Preoccupazione per la situazione nelle Regioni con i piani di rientro

(regioni.it) Il Governo conferma che le vigenti disposizioni limitative delle assunzioni non si applicano agli enti del S.S.N. delle Regioni che non sono interessate da piani di rientro. Lo prevede l'Accordo Governo-Regioni del 16 dicembre sul federalismo fiscale. E i sindacati medici lanciano l’allarme blocco del turn over in sanità per le regioni con i piani di rientro. Lo spiega il Segretario nazionale Anaao Assomed, l'associazione dei medici dirigenti, Costantino Troise: "L'intesa sul federalismo fiscale regionale raggiunta tra Governo e Regioni esclude dal blocco delle assunzioni a qualsiasi titolo solo il personale del servizio sanitario delle Regioni non sottoposte a piani di rientro. Il che vuol dire, pero', che piu' della meta' di quello che una volta era il Servizio sanitario nazionale e' interessato da un blocco totale a carico del turnover e dalla riduzione del 50% del personale precario".
C’è la possibilità di uscita dal lavoro di decine di migliaia di medici. E’ possibile quindi una riduzione quantitativa e qualitativa delle prestazioni sanitarie erogate. “Con buona pace  - afferma Troise - del diritto alla salute nei fatti negato nella maggior parte del territorio nazionale".

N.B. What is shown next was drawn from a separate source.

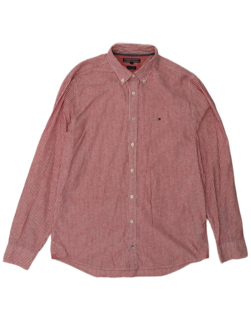 TOMMY HILFIGER Herren-Hemd mit normaler Passform, große rote Nadelstreifen-Baumwolle
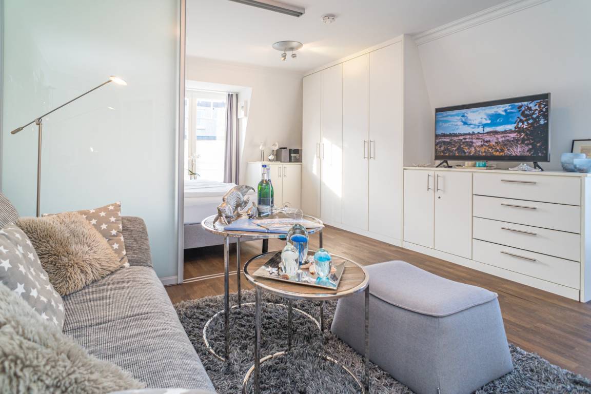 Der Wohn-/Schlafraum ist mit einer gemütlichen Sitzgarnitur, einem hochwertigen Boxspringbett (Liegefläche 1,60 x 2 m, mit zwei Einzelmatratzen und durchgehendem Topper), Flachbild-TV, HiFi-Anlage, Telefon inklusive Flatrate für Gespräche ins deutsche Festnetz (Handynummern gesperrt) und W-Lan ausgestattet.

L'Anaao Assomed quindi ritiene necessario "assicurare ai presidi sanitari il necessario apporto di medici cominciando con il prorogare i contratti in essere, programmandone la stabilizzazione in tempi brevi per non disperdere preziose competenze professionali, la cui formazione ha avuto un costo non indifferente per la collettività, e per permettere a tutte le Regioni di rispondere alla crescente domanda di salute dei propri cittadini".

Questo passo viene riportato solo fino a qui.